Some of the improvements are indicated by differences between the anticipated functionality and actual behavior of the RET prototype that we encountered during Task 4, but most represent discoveries or observations that are a natural part of the research given the dearth of experience reports on the techniques identified in Task 1.

#### B.1 HIGH PRIORITY

**Install Software Refinery Version 4.0** — This version provides better user interface features and is supported by Reasoning Systems. The installation would require modifying some of the RET source code because Reasoning Systems typically moves some functions between packages with each release as they change from officially unsupported to officially supported status.

**Support I/O statements** — This affects the RG (Ada code generator), Transformer, and DFD. I/O statements weren't very prominent in the sample of FCR source code that we relied upon during RET prototype development because most of the I/O is performed through memory-mapping.

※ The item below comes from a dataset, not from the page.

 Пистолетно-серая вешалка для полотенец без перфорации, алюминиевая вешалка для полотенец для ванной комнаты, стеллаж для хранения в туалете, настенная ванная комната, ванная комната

Consequently, they received little attention in Task 3. The RET prototype should be modified to recognize READ and WRITE statements.

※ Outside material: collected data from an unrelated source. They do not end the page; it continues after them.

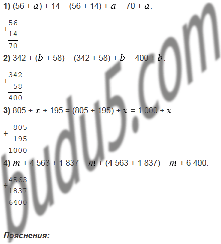 1) (56 + ) + 14;                        3) 805 + + 195;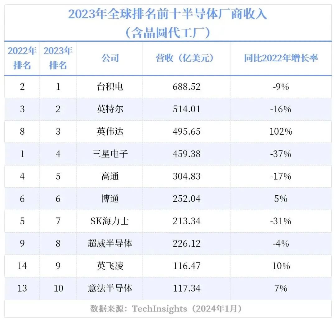 此外,汽车市场的高需求推动了相关公司如意法半导体(Gartner榜单)和英飞凌(TechInsights榜单)的成长,使它们进入前十。然而,模拟芯片市场受到价格战和库存高企的影响,导致德州仪器排名下滑,甚至跌出前十(TechInsights榜单)。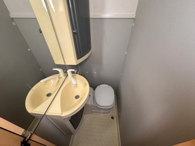 | Achter | Treinzit met in de hoek de badkamer. |

**Recognize PARAMETER statements** — An example is the statement that defines MUX\_MASK in the MFD subsystem.

**Save intermediate analysis data to disk** — The RET prototype takes about an hour to read and analyze the REFINE/FORTRAN analysis output file for the FCR subsystem during initialization. This would only need to be done once if the RET could save and reload the intermediate data.

Currently, the RET prototype must reanalyze the REFINE/FORTRAN file whenever it is restarted instead of just reading the intermediate results from disk. REFINE crashes once in a while under normal use. The ability to restart the RET quickly may mitigate the inconvenience to a point where a one week mean-time-between-failure (MTBF) would not decrease productivity to unacceptable levels.

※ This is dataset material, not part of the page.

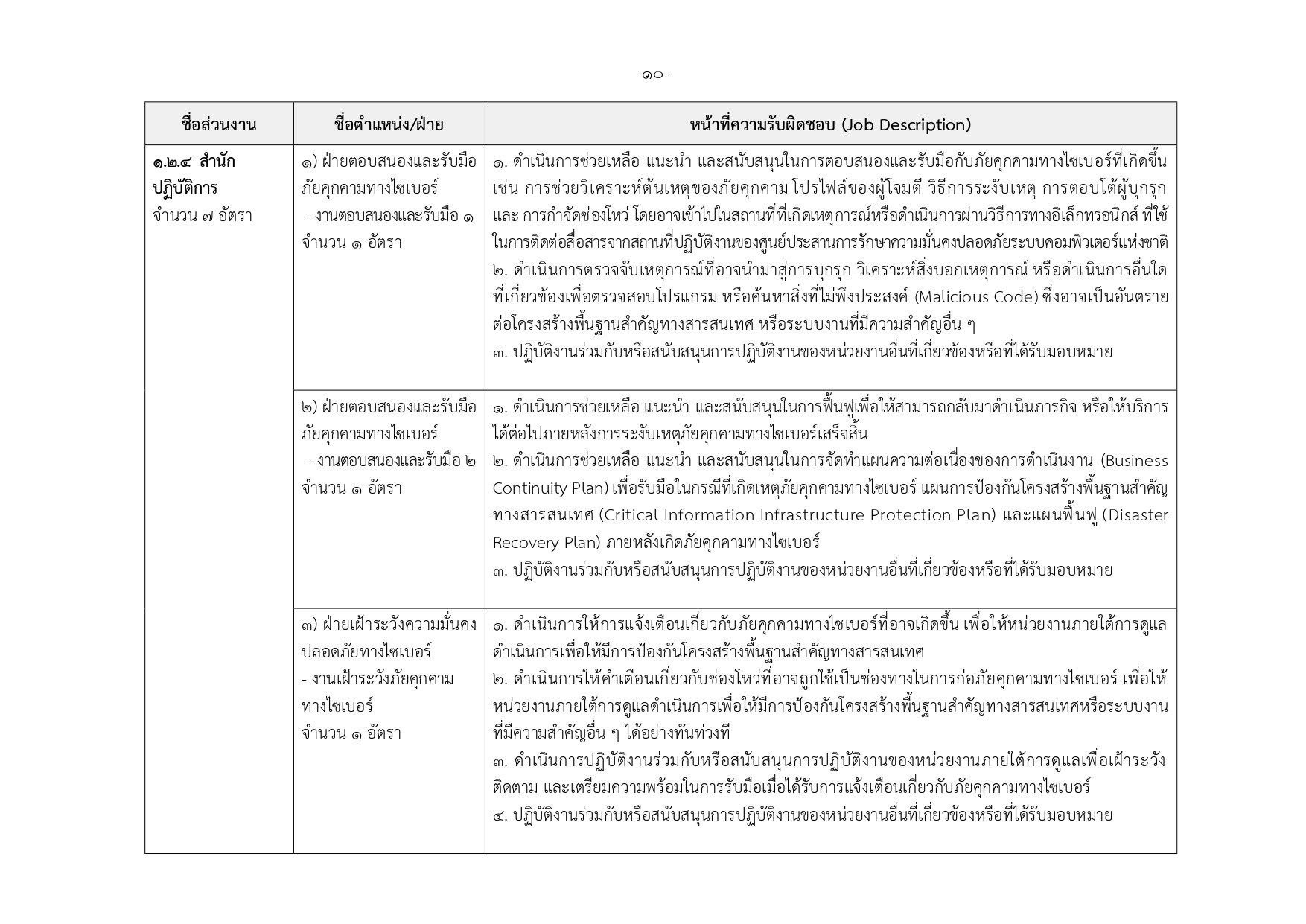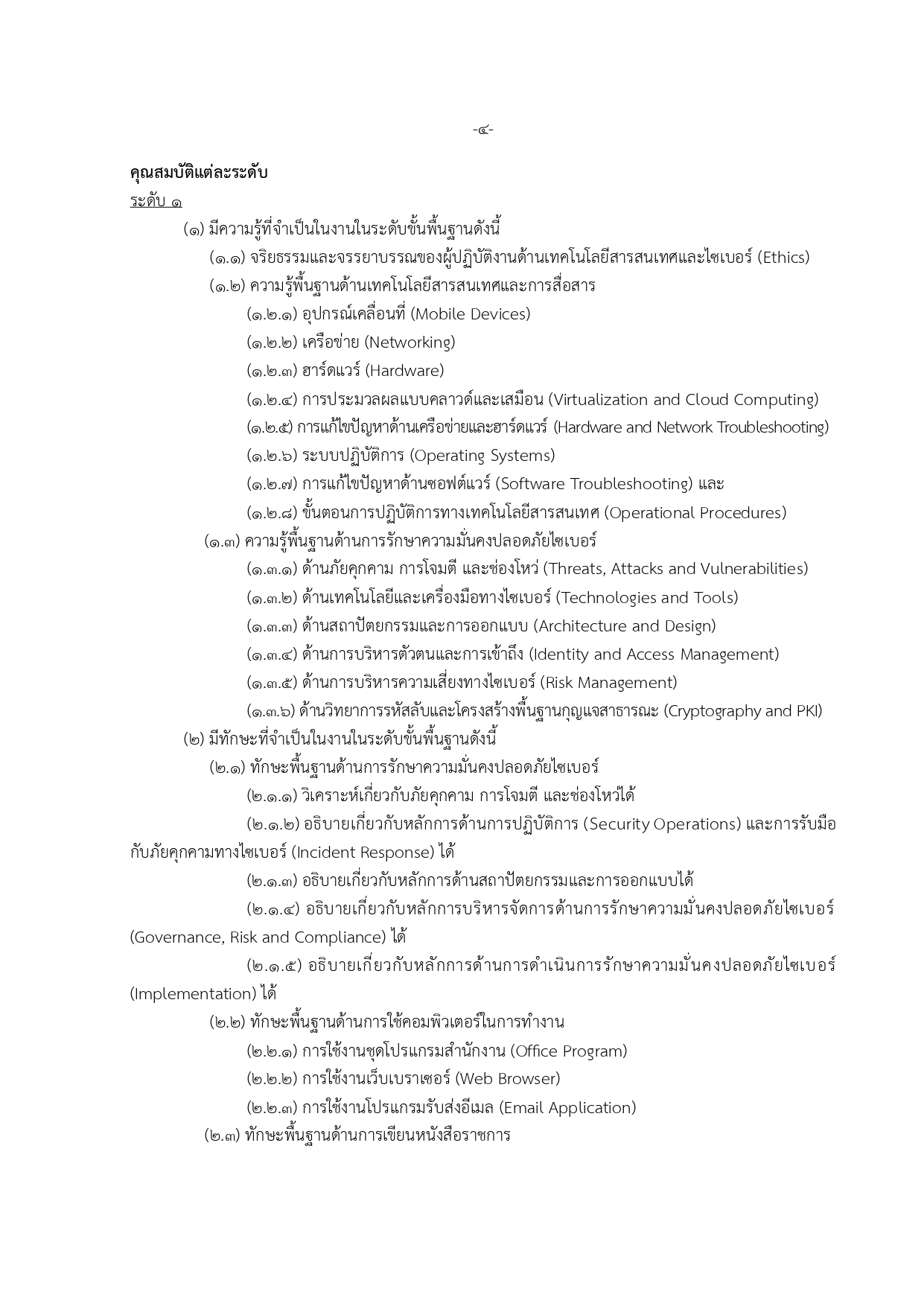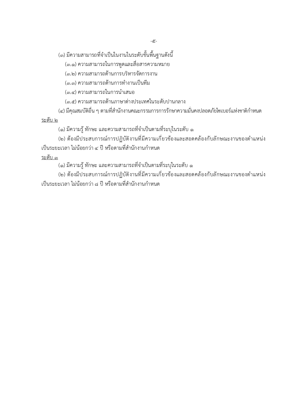 เจ้าหน้าที่กลุ่มวิชาชีพเฉพาะด้านไซเบอร์ ระดับ 1–3 (21 อัตรา)

**Enhance DFD clustering** — We would like to implement repository clustering by name and support manual editing of the DFD to cluster repositories. The DFDs can be so complicated that they are sometimes of little use. We have already made enhancements to the DFD to reduce clutter, but the most complicated diagrams are still too busy.

Allowing the engineer to group repositories by pointing and clicking the mouse would help. The current method of specifying a mapping of repositories to groups before DFD generation worked well on an experimental basis, but is unsuitable for a production tool. The enhanced RET would provide an interactive user interface for this.

**Eliminate DFD anomalies** — This includes those documented by Benedusi (Ref. 29).

**Ada Parameter Modes** — Generate “in” and “out” Ada parameter modes based on a data flow analysis in order to generate a simplified DFD. This would very much improve the quality of information in the DFDs. Using “in out” for all parameter modes produces usable Ada code, but the DFDs are either incorrect or inaccurate depending upon the definition of dataflow selected. The DFDs contain bidirectional arrows where they should be unidirectional. The unnecessary bidirectional arrows are misleading, and they increase the number of repository nodes in a DFD.

**Graph Layout** — Implement a graph layout algorithm for the DFD. The DFDs can get very large, and they may be regenerated whenever the Ada source code changes — as a result of text editing or after rearranging via the Packager. Arranging the DFDs by pointing and clicking with the mouse is tolerable (if you can get an assistant to do it for you) on an experimental basis, and will probably still be necessary to clean up or “fine-tune” an automatically-arranged graph, but repeated manual alteration of graphs that are substantially the same from one generation to the next is intolerable.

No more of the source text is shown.